- Work instruction:
Every line below is to be set down again exactly; any image stays out.

- Source data:
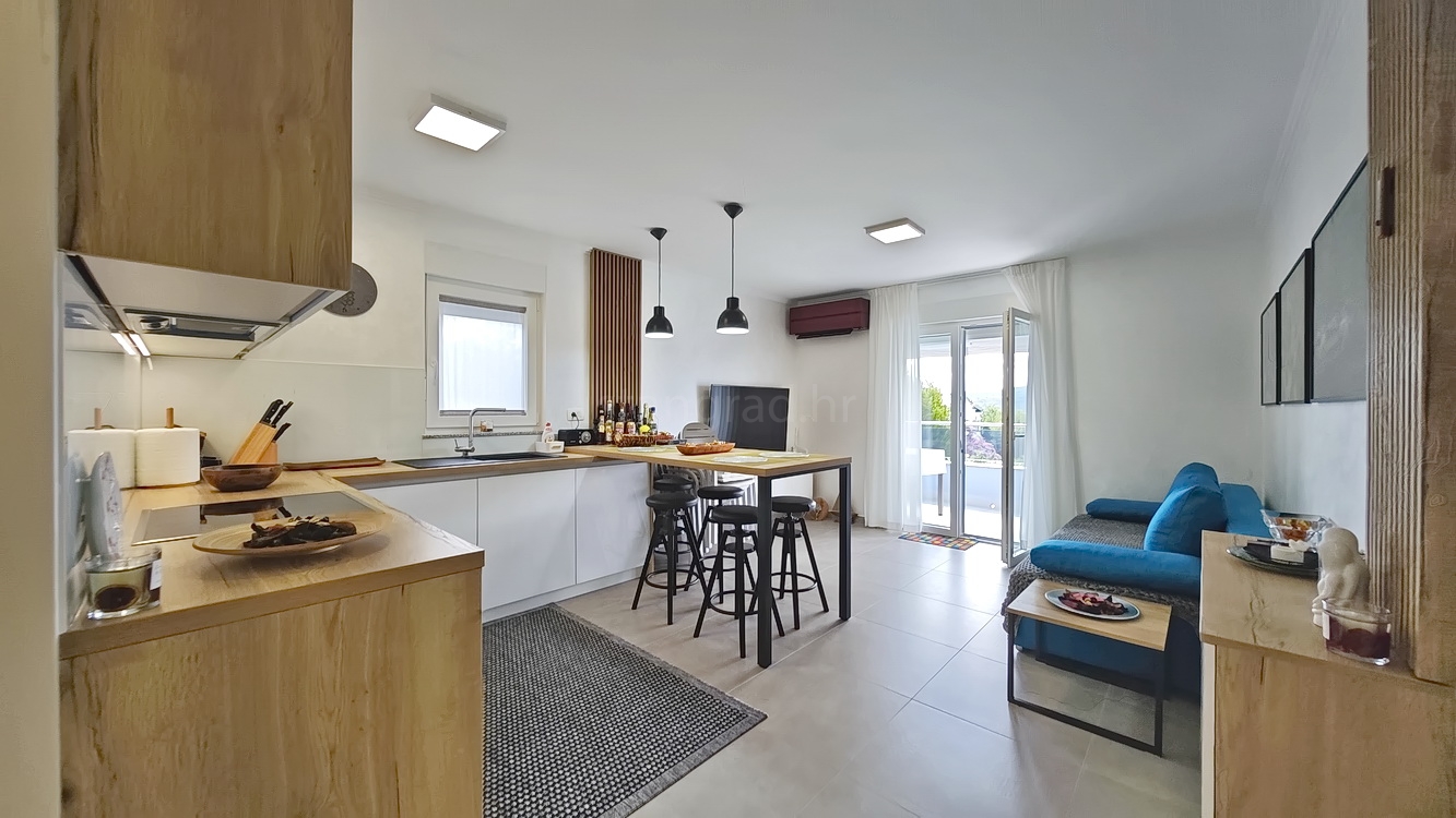 From the outstanding selection of properties offered by Stan Grad Immobilien, this exceptionally attractive and tastefully furnished apartment stands out. It is located in one of the most sought-after areas on the island of Krk, in the beautiful Soline Bay. This property represents the perfect combination of a peaceful Mediterranean setting, immediate proximity to the sea, and full functionality, making it an ideal choice not only for a summer getaway but also for year-round living.
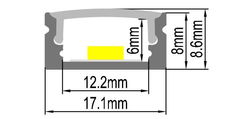 17.1mm x 8.6mm aluminium profile and PMMA diffuser for iFlex LED strip light. Suitable for installation in cabinets, under kitchen and cupboards. Supplied with end caps.
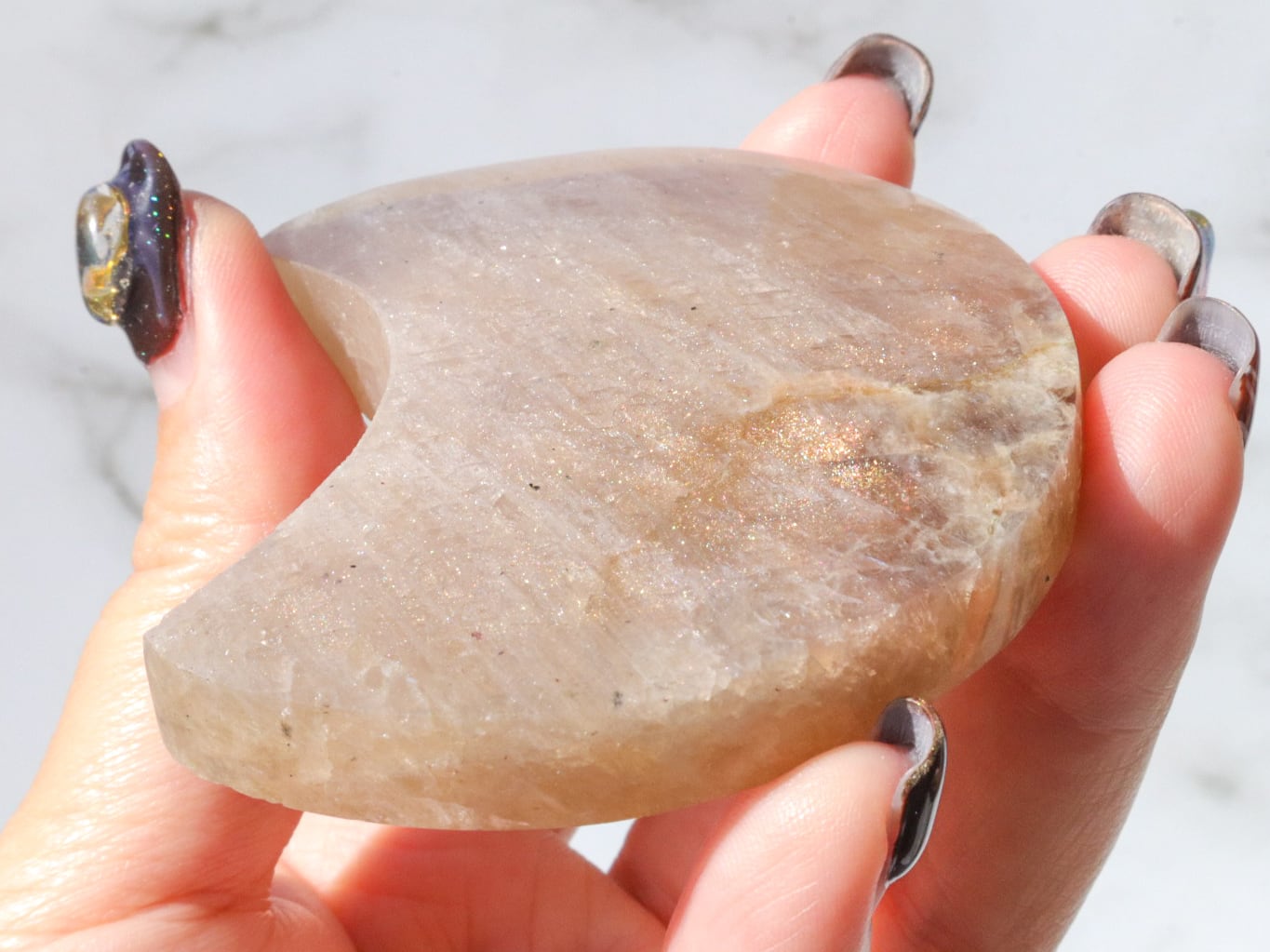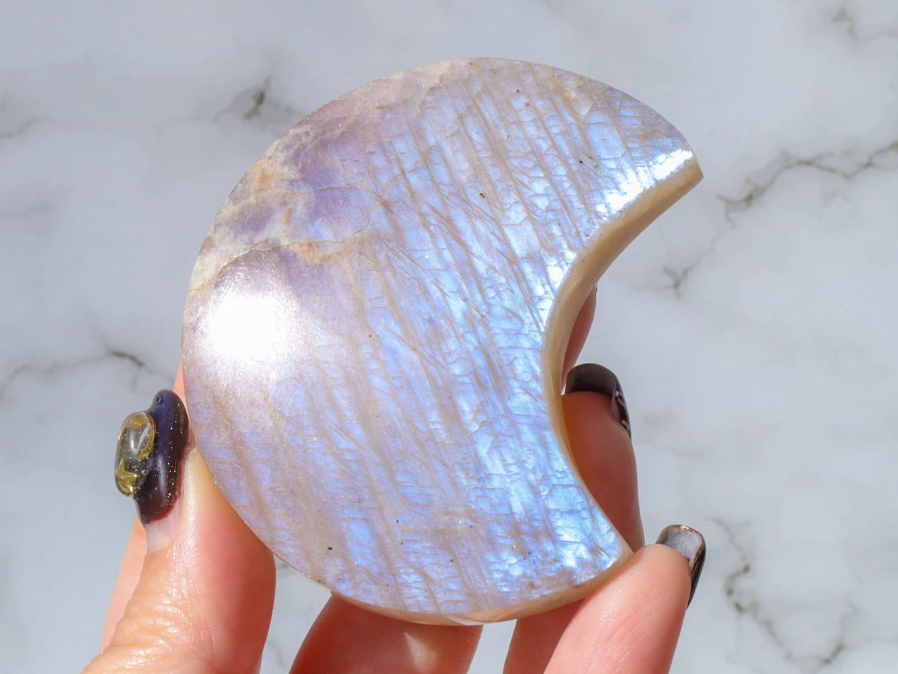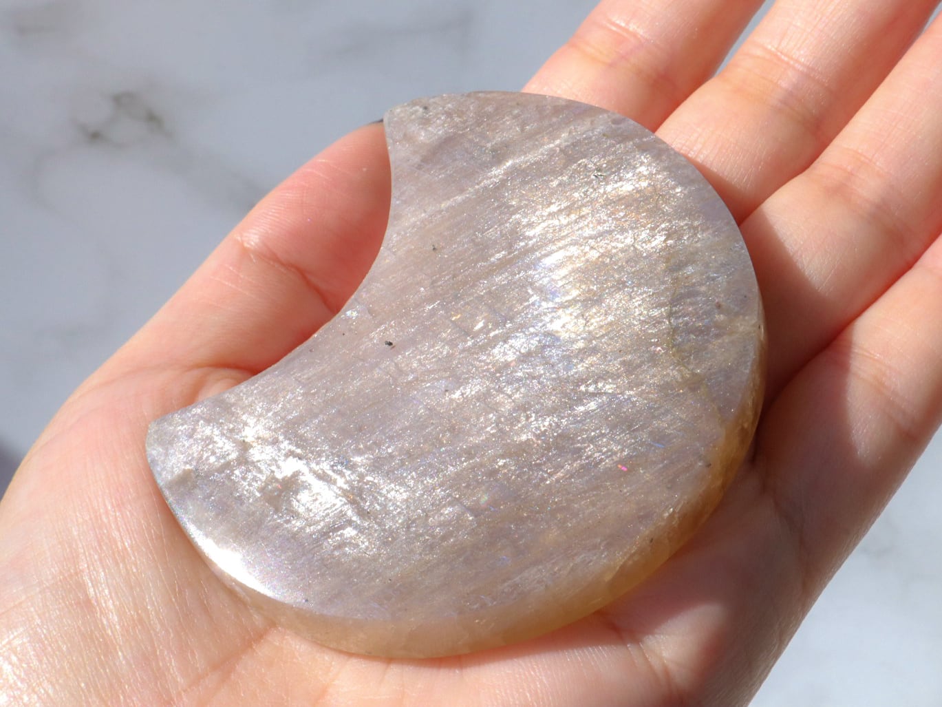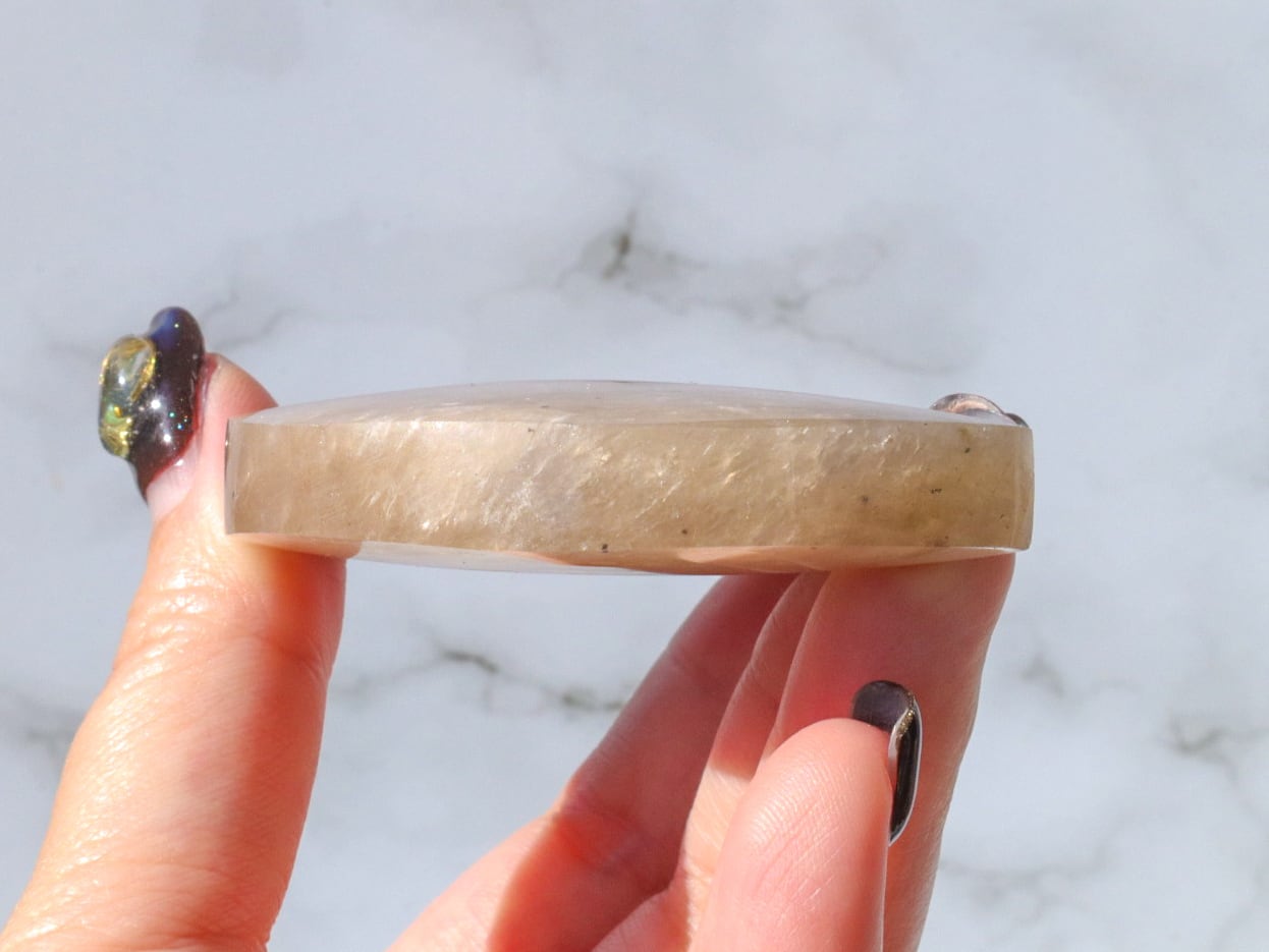 自然光と室内光だとまた違った良さを感じることが出来ます✨暗めの室内でムーンストーンにだけ光を当てるようにしてみると、余すところなくこのこの良さをご堪能出来ると思います♡ブルーシラー、虹シラー、アベンチュレッセンスが同時に楽しめて♡どこを見ていても美しいです♡♡♡まるっこい三日月型もかわよきです♡

- Output below:
 From the outstanding selection of properties offered by Stan Grad Immobilien, this exceptionally attractive and tastefully furnished apartment stands out. It is located in one of the most sought-after areas on the island of Krk, in the beautiful Soline Bay. This property represents the perfect combination of a peaceful Mediterranean setting, immediate proximity to the sea, and full functionality, making it an ideal choice not only for a summer getaway but also for year-round living.
 17.1mm x 8.6mm aluminium profile and PMMA diffuser for iFlex LED strip light. Suitable for installation in cabinets, under kitchen and cupboards. Supplied with end caps.
 自然光と室内光だとまた違った良さを感じることが出来ます✨暗めの室内でムーンストーンにだけ光を当てるようにしてみると、余すところなくこのこの良さをご堪能出来ると思います♡ブルーシラー、虹シラー、アベンチュレッセンスが同時に楽しめて♡どこを見ていても美しいです♡♡♡まるっこい三日月型もかわよきです♡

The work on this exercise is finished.